Microorganisms also use different tolerance mechanisms for different acids. When they face strong acids, they adjust intracellular pH quickly. They use internal buffering and ion flows. Transcription-level regulation can’t respond fast under strong acid conditions. When microorganisms face weak acids, things are more complex. Weak acids dissociate slower than strong acids. The specific physical and chemical properties of different weak acids, and the surrounding pH, have complex effects on different microorganisms.
For example, to deal with acid stress from amino acids, E. coli usually reduces intracellular proton concentration. It uses decarboxylation or deamination. Lactic acid bacteria use lactate-malate antiporters. These pumps push lactic acid out of cells. Studies on yeast’s acetic acid tolerance mechanism have found related regulatory mechanisms. These include acetic acid transport, cell wall remodeling and transcription factor regulation.
03 Modification Approaches for Microbial Acid Stress Tolerance
Currently, industrial fermentation strains are only a small part of all strains in nature. So, finding strains from nature that can be used in industrial production is still a potential method.
For acid stress tolerance, one way is to look for acidophilic strains that can be used in industry. Another way is to find strains with strong acid resistance from “contaminated” strains. Miscellaneous bacteria around specific fermentation environments are more able to handle environmental stresses.

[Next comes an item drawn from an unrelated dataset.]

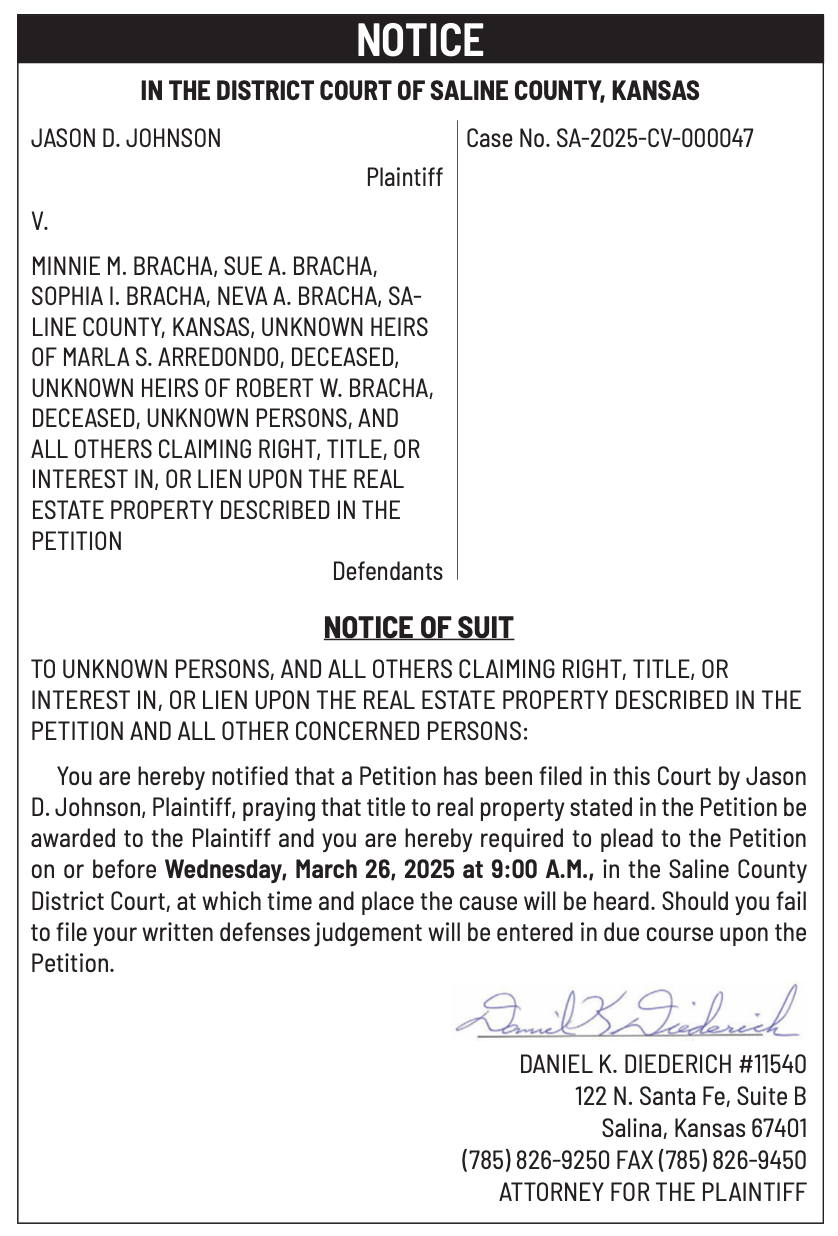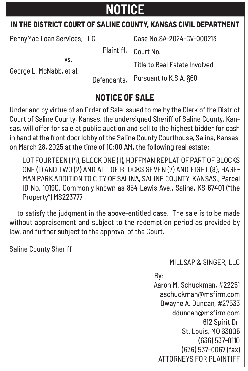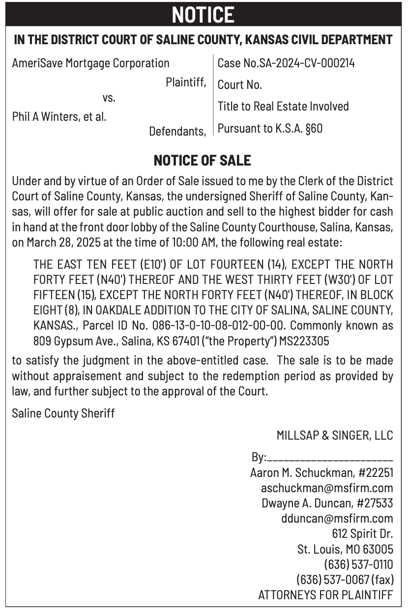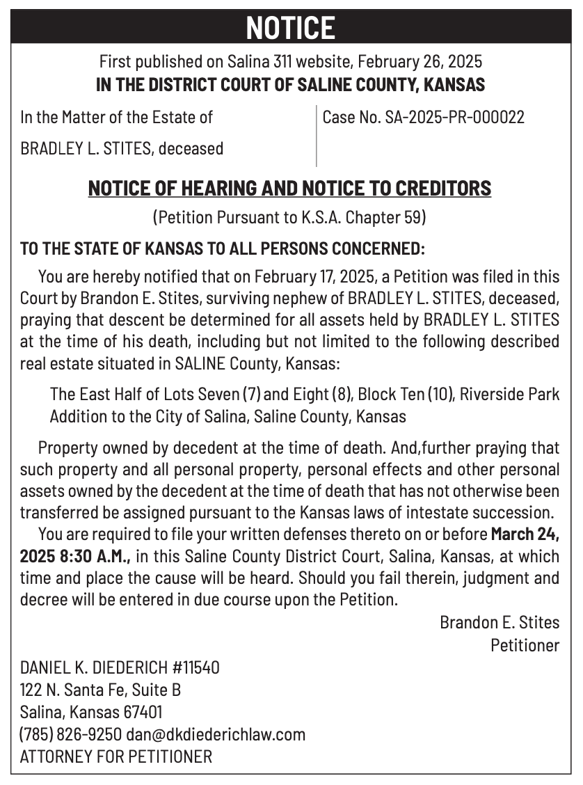 Public notices published in the Salina311 Newspaper on March 16th and/or March 12th.

Traditional strain modification methods include mutagenesis breeding, domestication, hybridization and protoplast fusion. These methods have something in common. They cause random mutations or recombination in the genome. They use acid stress as a screening tool. Finally, they get strains with better acid tolerance.
Using traditional strain modification methods has some downsides. The modification process is quite random. The screening process takes time and effort. But the strains usually become more acid-resistant by improving one of the acid stress tolerance mechanisms.
In recent years, research on the acid stress tolerance mechanisms of various microorganisms has deepened. Modifying industrial microorganisms with genetic engineering, metabolic engineering and other technologies has developed quickly. By understanding microbial acid stress tolerance mechanisms, people can improve acid tolerance of strains to some extent. They do this by overexpressing or knocking out key genes related to these mechanisms.
But simple genetic engineering and metabolic engineering operations are hard to get ideal results for traits controlled by multiple genes. Also, overexpressing or knocking out only a few genes may disrupt the metabolic network.
So, the future direction and focus will be using systems biology and synthetic biology methods. These methods help analyze biological systems systematically. They do quantitative and qualitative analysis at a global level. They use a design idea of assembly based on sequence modularization and componentization. They also combine several acid stress tolerance mechanisms. This allows systematic and programmed modification of industrial microorganisms at a global level.
Currently, many research groups at home and abroad have started to collect and summarize regulatory elements. These elements respond to acid stress. They also collect functional elements that enhance acid resistance from different microorganisms. People design and build these elements into acid-resistant devices artificially. They use systems biology techniques to evaluate acid resistance and chassis adaptability. They test them in model chassis microorganisms and industrial chassis microorganisms. Finally, they will form a standardized library of acid-resistant components. This will provide important guidance for studying strain acid resistance and modification methods.